Currarino et al, in 1981, described an association of a congenital anorectal stenosis, or another type of low anorectal malformation, an anterior sacral defect, and presacral mass. Eleven patients with this anomaly were treated at the Department of Pediatric Surgery, Seoul National University Children's Hospital from 1984 to 1995. Among these patients, low-type imperforate anus (IA) was seen in three cases and anorectal stenosis was present in eight cases. Presacral masses included seven teratomas, two meningoceles, one dermoid cyst, and one enteric cyst with dermoid cyst. All had a deformed sacrum. Among the eight with anorectal stenoses, posterior sagittal anorectoplasty (PSARP) with diverting colostomy was performed in seven cases, and repeated rectal dilatation was performed in one case.

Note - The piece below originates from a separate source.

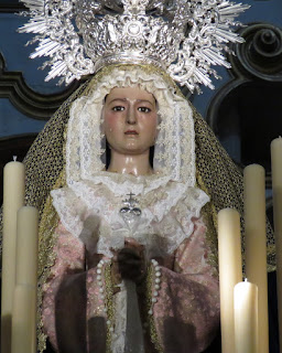 El domingo 11 de octubre la localidad sevillana de Écija celebró una magna procesión para conmemorar el 450 aniversario del voto concepcionista que la ciudad astigitana realizó en defensa del dogma de la Inmaculada. Salieron en procesión todos los pasos de Vírgenes existentes en la localidad. Les mostramos en undécimo lugar la imagen de Nª Sª de la Fe, obra de autor anónimo del siglo XVII , de la Hermandad de Jesús sin Soga, que salió desde la Iglesia de Santa Bárbara.

Among the three low-type IA, anoplasty was performed in two cases and PSARP was performed in one case. Although PSARP is a safe and satisfactory method facilitating the excision of the presacral mass, in meningoceles the repair should be performed before correction of anorectal malformation because of the risk of meningitis that can occur when surgeries are done simultaneously. In two cases, untethering of a tethered spinal cord was performed. All patients are continent. Because the incidence of Currarino triad is high when there is an anorectal stenosis (38% in the present series), the Currarino triad should be suspected in anorectal stenosis. Magnetic resonance imaging is a preferred diagnostic method because the incidence of association of tethered cord in this triad is high (18% in the present series).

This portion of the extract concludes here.